Closed 304NotModified closed 2 years ago

304NotModified commented 3 years ago

From https://github.com/adoconnection/RazorEngineCore/wiki/@Raw

By default, RazorEngine will not encode values to be HTML safe, you need to escape values by yourself

I think this is a security issue. It's really unexpected and I'm sure many won't see this warning at all.

Please change the default in the next major version

304NotModified commented 3 years ago

I think at least RunHtmlSafe should be included in this library. (also Aysnc stuff). Is a PR accepted for that?

adoconnection commented 3 years ago

HtmlSafeAnonymousTypeWrapper is not a correct way of secure html encoding as there is a difference between encoding html and its attributes. Right way is implemented in https://github.com/wdcossey/RazorEngineCore.Extensions

I did not include @Html.Raw for several reasons:

  1. Microsoft RazorEngine itself does nothing for web safety, therefore its wrapper should keep this behavior.
  2. RazorEngine is not MVC thats why there are no MVC helpers like @html and it does not inherit MVC behavior.
  3. The idea is to keep this library light and super extensible

Could you please share what are you going to use RazorEngine for? also, what Asyncs do you miss? separate issue would be nice

304NotModified commented 3 years ago

Could you please share what are you going to use RazorEngine for?

We're creating HTML and render it to a pdf. Also in the PDF you could add javascript. Javascript is now disabled in the PDF, but we really prefer multiple lines of defense (LoD)

also, what Asyncs do you miss? separate issue would be nice

Of the RazorEngineExtensions for https://github.com/adoconnection/RazorEngineCore/wiki/@Raw - but maybe that isn't really a good solution.

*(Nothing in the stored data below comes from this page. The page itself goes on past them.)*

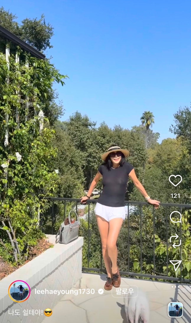 사진 속에서 이혜영은 나무가 가득한 곳을 배경으로 포즈를 취하고 있다. 밀짚모자를 쓰고 시스루 상의와 흰 핫팬츠를 입은 이혜영은 남다른 세련미로 눈길을 끌었다.
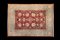 An Amritzar rug, India second half of the 19th Centuy. All over decoration with large flowers in geometric rows of Mogul inspiration on a ruby red background. Main border with large stylized flowers on an aquamarine blue background (defects and restorations)
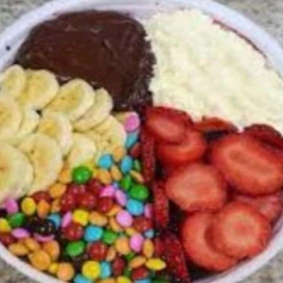 Açaí com 3 acompanhamentos grátis á sua escolha.
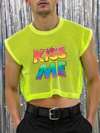 Mesh Sexy Hollow-Out Crop Top Tank, Colorful Graphic Print Streetwear Top

Right way is implemented in https://github.com/wdcossey/RazorEngineCore.Extensions

I don't really see how I could RazorEngineCore.Extensions for that, as I want this to be safe:

Hello @Model.name

where Model.name could have the content <script>alert('oops')</script>. I really not preferring wrap them all in @Html.Encode...

  1. Microsoft RazorEngine itself does nothing for web safety, therefore its wrapper should keep this behavior.

Good one, unfortunately almost every example of razor is in combination with MVC and so Html Encoding. E.g. https://docs.microsoft.com/en-us/aspnet/core/mvc/views/razor?view=aspnetcore-5.0#expression-encoding (the URL says MVC, the breadcrumb not)

adoconnection commented 3 years ago

And the PDF content is based upon user input, right?

I don't really see how I could RazorEngineCore.Extensions for that, as I want this to be safe:

this is exactly what RazorEngineCore.Extensions does:

image

304NotModified commented 3 years ago

Ah thx. I checked also the code today and I doubt if this works for strong typed compiled models. But will test that. Hopefully before the weekend :)

adoconnection commented 3 years ago

https://github.com/adoconnection/RazorEngineCore/wiki/@Raw

adoconnection commented 3 years ago

Don't panic :)

First of all, I have updated @Raw wiki it now contains code on how to make RazorEngine 100% HTML safe with few lines of code. Your complaints and my replies combined have more text than the code that solves this problem ;)

The long answer

If you ever had a chance to work with classic ASP, you know there was a pain: devs had to encode literally every their output

<%= Server.HTMLEncode(myVariable) %>

it was very unhandy since in web you have to encode any user content.

Skipping webforms, fast forward to ASP.NET Razor

decades later you still have to encode every user content in web environment, so they decided to make razor html safe by default. Because encoding your output is primary usecase. And occasionaly you need to write unsafe html content where @Html.Raw comes in.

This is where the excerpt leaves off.